Оба оказались правы. Танкисты помочь огнем не могли. Да подавить минометную батарею врага, сосредоточившуюся на дне оврага, из танковой пушки было практически невозможно.
— Я, кажется, придумал. Идиотов заставлю замолчать, — проговорил Милованов, увидев невдалеке противотанковую пушку врага.
Пока ремонтники прилаживались к поврежденной машине, Милованов открыл огонь из пушки. Ему, прикипевшему душой к технике, было достаточно несколько минут, чтобы разобраться во вражеской пушке. Боеприпасы лежали неподалеку.
Фашисты были ошеломлены, когда «заговорила» их пушка. Ремонтные работы подходили к концу. Неожиданно почти рядом с Миловановым разорвалась мина. Зампотех, схватившись за грудь, пошатнулся, присел на лафет, затем упал на снег.
Прибежавшие Чистов и старшина Старцев его, смертельно раненного, на руках понесли, к танку. Вся грудь Милованова была пробита осколками. Орден Красного Знамени на его гимнастерке — в крови.
— Прости, Анатолий, не успел, опередили… — последний раз обведя глазами боевых друзей, процедил сквозь зубы Милованов и застыл на руках своих побратимов.

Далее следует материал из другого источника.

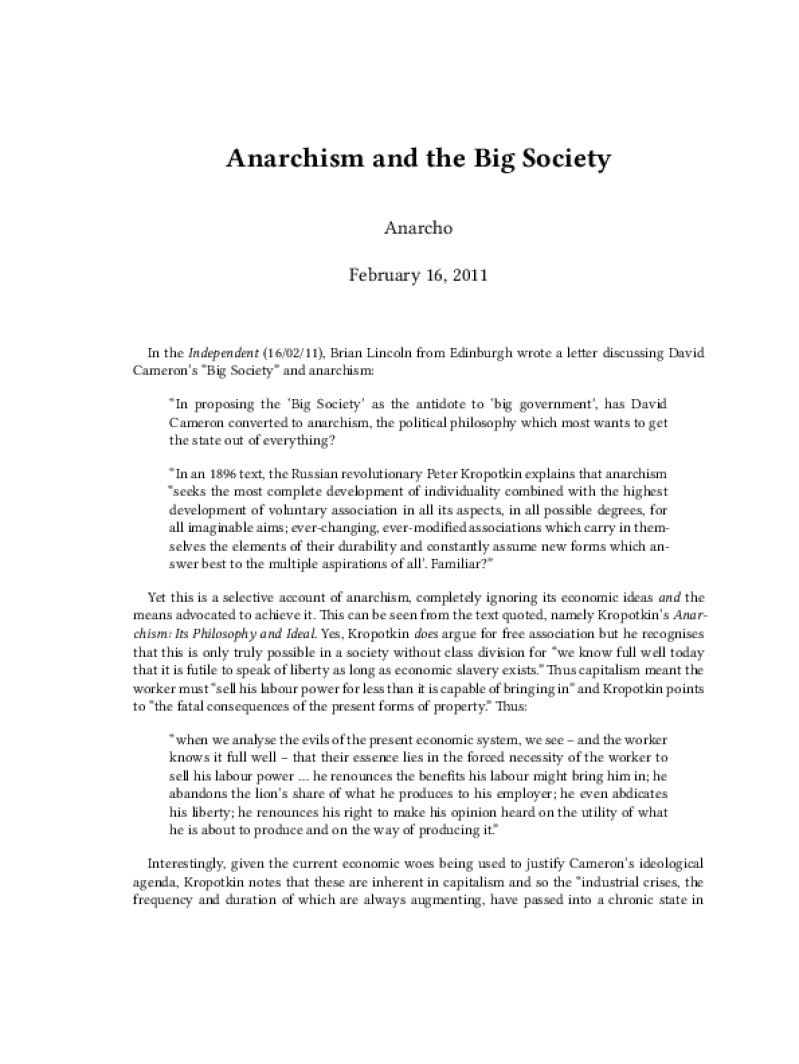 Zine Anarchism and the Big Society Author: AnarchoPublished: February 16, 2011Language: enCatalog: The Anarchist Library4 pages. Read online: html • pdf •imposed pdf • a4 pdf • epub • muse • tex Share: We mail all zines to incarcerated people for free.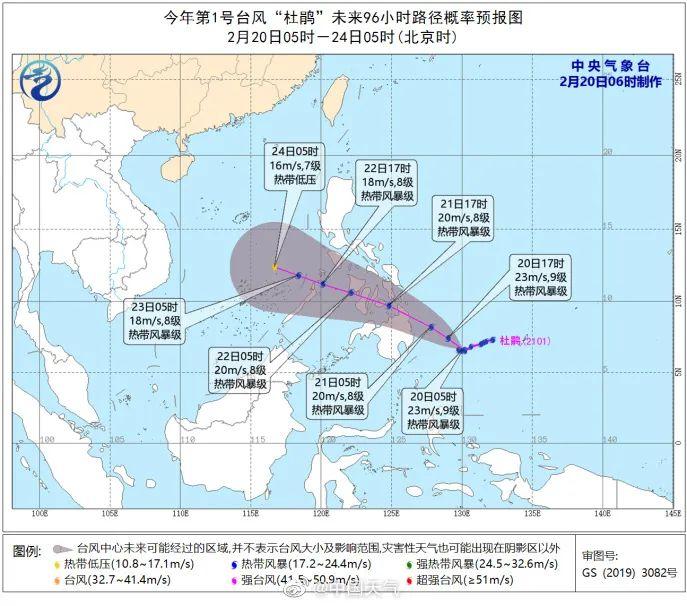 2月20日5时,今年第1号台风“杜鹃”(热带风暴级)的中心位于菲律宾马尼拉东南方约1340公里的菲律宾以东洋面上,北纬6.6度、东经130.1度, 中心附近最大风力有9级(23米/秒),中心最低气压990百帕,七级风圈半径120-200公里。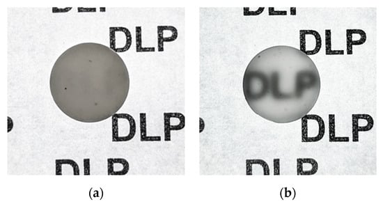 Recently, several intriguing experiments have been devoted to the fabrication via AM of ceramic components for special applications in micro-electro-mechanical-system [] or catalyst-substrate manufacturing [,,]. However, due to the great optical transparency and characteristic ceramic features of transparent ceramics, they are equally suitable for a wide variety of high-performance applications, such as lasers, armours, and lighting. There is a pressing need to simultaneously lower the weight of transparent armour systems and boost their ballistic protective qualities. When both mechanical strength and abrasion resistance are essential performance characteristics, material options are frequently restricted to a few materials [,,], such as aluminium oxynitride (AlON) [,,], sapphire (Al2O3) [], and magnesium aluminate spinel (MgAl2O4) [,]. Due to their great strength and hardness, these three materials have been investigated as possible replacements for ballistic glasses in transparent armour applications for quite some time, and ballistic tests have demonstrated that spinel, AlON, and sapphire exhibit comparable performance. Payne and colleagues [,] claimed that transparent yttrium aluminium garnet (YAG) ceramics may be created via a direct ink writing (DIW) approach, but that the subsequent CIP and HIP processes are still required. Wu et al. [] continued to use the extrusion-based AM method employing copolymer-assisted slurry so that complex-shaped transparent YAG ceramics could be immediately produced. Hostaša et al. [] manufactured YAG laser ceramics by lithography-based ceramic manufacturing (LCM) to demonstrate the benefit of lithography-based techniques in terms of spatial resolution and product form. Two-photon printing was used to create small transparent YAG objects with nanometric precision in the nanometre and micrometre ranges (TPP) []. However, studies on the DLP of translucent alumina starting from an in-house systematically developed slurry and its consecutive post-processing have yet to be explored.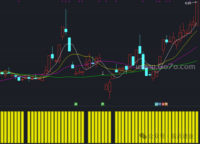 这份通达信指标源码,实则是用数学语言重构了《周易》的阴阳哲学。当MA5下穿MA13形成的“阴爻”遭遇EMA19与EMA7的“阳爻”,便构成六十四卦象中的“地雷复”卦。VAR02的百倍放大如同宣纸上的墨韵渲染,而LLV函数检索历史低点的过程,恰似古董藏家擦拭青铜器寻找包浆痕迹。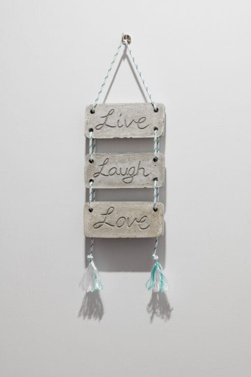 Lewi, well known for their investigations of suburban paranoia and day-to-day mundanity, produces work based on their neighbourhood dérives. They are interested in the mundane aspects of newer-growth suburbs. The works exhibited reference when Lewi scrawled the words, ‘live laugh love’ into wet concrete in front of a new house and was fined $500.00. The work considers the notion of being punished within constructed suburban environments.
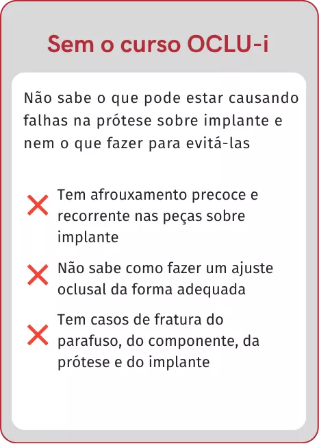 > Dificuldade em encontrar um conteúdo focado na implantodontia, mas que aborde a oclusão como um todo.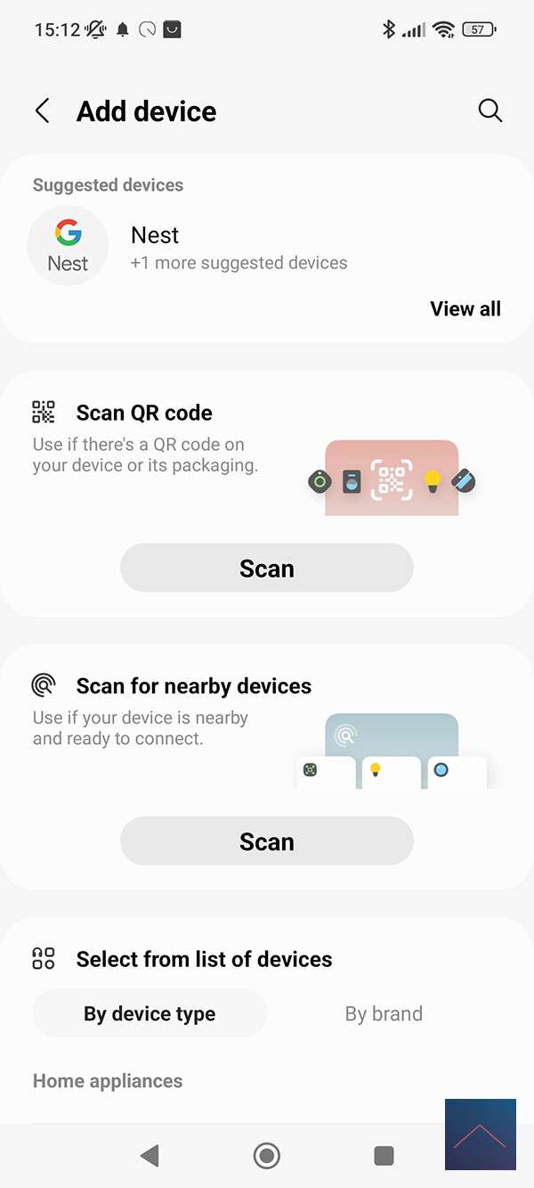 We will also add this Aqara smart plug to the Smartthings hub from Aeotec/Samsung. You can do this by going to your devices and clicking the plus sign in the top right corner. To add it we use the scan option. You can find the code on the back of the manual. Once the scan has started, supply the plug with power and hold down the button on the plug for 5 seconds until the LED starts flashing blue. After a few seconds, the plug is found as "Switch".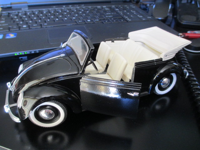 The Lords O' The Post smiled upon me today and several boxes arrived with more Village scenery bits. One of these is really interesting. It is a metal French Solido 1949 VW Bug. I had seen several Wehrmacht VWs and wanted one for my village but the 100.00 + cost of the plastic 1951 models kept me from pursuing the idea seriously. Typing diecast VW into EvilBay found this gem and being careful about the auction times brought success and saw it delivered home today. It will get a repaint and some gear and soldaten added and be a nice addition to the scenery. The other bits were some 1930's diecast gas pumps in 1/18 and a super nice Yat Ming 1932 Ford coupe ( some prosperous Farmer or Businessman's prize possession before the War started, no doubt ) to place in town. More to follow and things are coming together faster now that the move-in is nearly complete. Pics: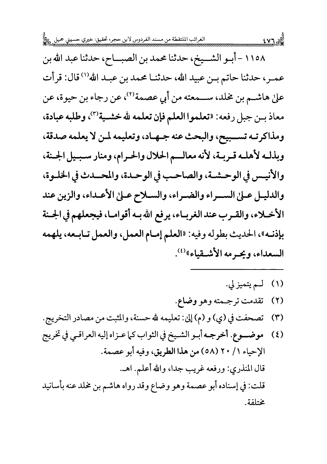 ١١٥٨ - أبو الشيخ، حدثنا محمد بن الصباح، حدثنا عبد الله بن عمر، حدثنا حاتم بن عبيد الله، حدثنا محمد بن عبد الله (¬١) قال: قرأت على هاشم بن مخلد، سمعته من أبي عصمة (¬٢)، عن رجاء بن حيوة، عن معاذ بن جبل رفعه: "تعلموا العلم فإن تعلمه لله خشية (¬٣)، وطلبه عبادة، ومذاكرته تسبيح، والبحث عنه جهاد، وتعليمه لمن لا يعلمه صدقة، وبذله لأهله قربة, لأنه معالم الحلال والحرام، ومنار سبيل الجنة، والأنيس في الوحشة، والصاحب في الوحدة، والمحدث في الخلوة، والدليل على السراء والضراء، والسلاح على الأعداء، والزين عند الأخلاء، والقرب عند الغرباء، يرفع الله به أقواما، فيجعلهم في الجنة بإذنه"، الحديث بطوله وفيه: "العلم إمام العمل، والعمل تابعه، يلهمه السعداء، ويحرمه الأشقياء" (¬٤).

Ясным утром 20 января в боевом строю стояли танкисты батальонов Платицына и Цешковского с автоматчиками моторизованного батальона Нефедова. Четкая команда начальника штаба бригады, стройного, сурового на вид подполковника Юренкова «Бригада, р-р-равняйсь!» прокатилась по скованному морозом лесу. В этот момент не то от далекого орудийного, раската, не то от легкого ветерка с некоторых веток начал осыпаться выпавший ночью свежий пушистый снежок.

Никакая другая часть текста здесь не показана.